La noche parisina del 13 noviembre de 2015 no debería haberse diferenciado de cualquier otra en la vibrante capital gala. Un tiempo no demasiado frío aún permitía disfrutar de las acogedoras terrazas parisinas y la ciudad rebosaba vida, ajena al trágico destino que le esperaba. París acaba de sufrir el mayor ataque en suelo francés desde la Segunda Guerra Mundial y el peor ataque terrorista desde los atentados de Madrid en 2004. La matanza lleva el sello indiscutible del Estado Islámico, el autoproclamado califato que ha declarado la guerra santa a una Europa empeñada en mirar a otro lado.
Occidente está asustado y confuso, incapaz de asimilar la magnitud del problema. Las nuevas generaciones han crecido en la paz y la abundancia, ajenas a los siglos de guerras, sacrificios y sufrimiento que nuestros ancestros tuvieron que soportar para que hoy en día podamos vivir en sociedades libres y democráticas. La falta de una conciencia histórica y una mirada crítica al pasado, en combinación con un pacifismo suicida, nos ha dejado a merced de un enemigo cruel y sanguinario que no se detiene ante nada. En Europa no solo no queremos oír hablar de guerras sino que incluso planteamos debates tan irresponsables como la posibilidad de reducir los presupuestos en defensa e incluso eliminar los ejércitos. El Estado Islámico nos tiene cogido el pulso y sabe utilizar perfectamente nuestros complejos y dudas a su favor.
Durante los últimos días hemos podido asistir a un intenso debate sobre el papel del islam en nuestras sociedades, el multiculturalismo o la necesidad de acoger a los refugiados sirios. Tertulianos y periodistas -convertidos de la noche a la mañana en expertos geopolíticos- han mezclado sin orden ni concierto, los prejuicios y la demagogia, incapaces de ofrecer soluciones coherentes y realistas, ajenos a un enemigo que se encuentra a nuestras puertas, relamiéndose y afilando los cuchillos. Abunda entre los contertulios el bulo sobre la responsabilidad de Occidente en los atentados por vender armas a los países en conflicto, ajenos al hecho de que la mayoría de las víctimas en las guerras que asolan el mundo mueren por proyectiles heredados de la antigua Guerra Fría. No nos cabe la menor duda de que la invasión de Irak fue uno de los mayores errores estratégicos que Occidente haya cometido en los últimos años, al romperse el delicado equilibrio en Oriente Próximo y entregarse el país en bandeja de plata a los yihadistas. La historia juzgará a George W. Bush, Tony Blair y José María Aznar por ello. Pero de las matanzas y crímenes cometidos posteriormente por el Estado Islámico, no podemos responsabilizarnos. Continuar por la suicida senda de la culpa y el buenismo, es un síndrome de Estocolmo que nos deslegitima, desampara y deja a la merced de canallas y asesinos.
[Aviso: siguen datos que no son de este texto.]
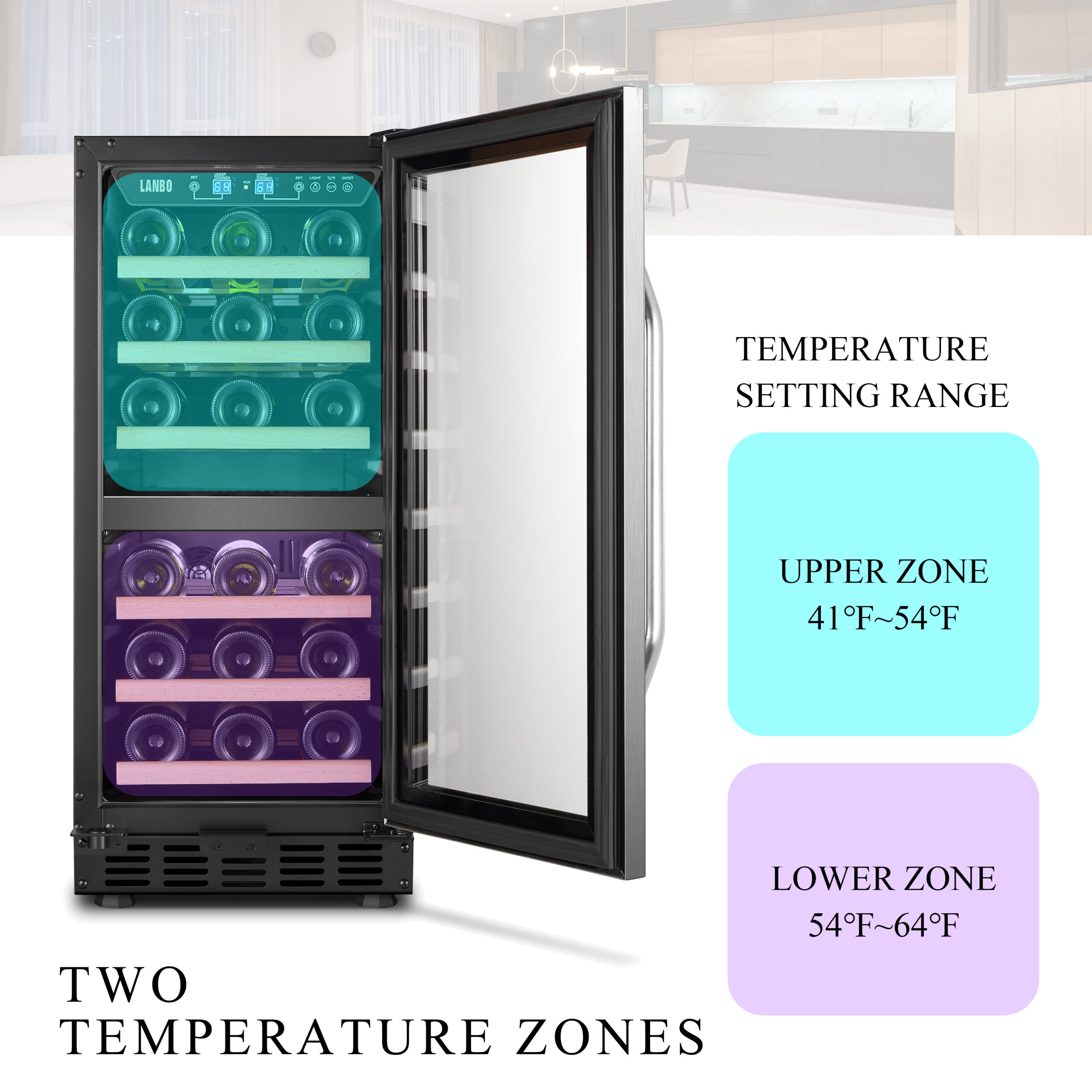 Lanbo 28 Bottle Under Counter Dual Zone Wine Cooler Refrigerator

Francia y Rusia han tenido la valentía de dar el primer paso para combatir frontalmente al Estado Islámico. Europa ya ha iniciado una transformación en la estrategia antiterrorista, tan contundente y políticamente incorrecta, como coherente y necesaria para solventar la problemática. Occidente debe centrar sus esfuerzos en combatir al Estado Islámico como un ente cohesionado y mostrarse más que nunca seguro de sí mismo, dejando a un lado complejos, demagogias y populismos. Si pretendemos que nuestro modo de vida siga siendo el que es, la ciudadanía ha de aceptar las nuevas políticas antiterroristas y apoyar incondicionalmente a los cuerpos y fuerzas de seguridad del Estado. Estamos en guerra, y no hay otra que afrontarla.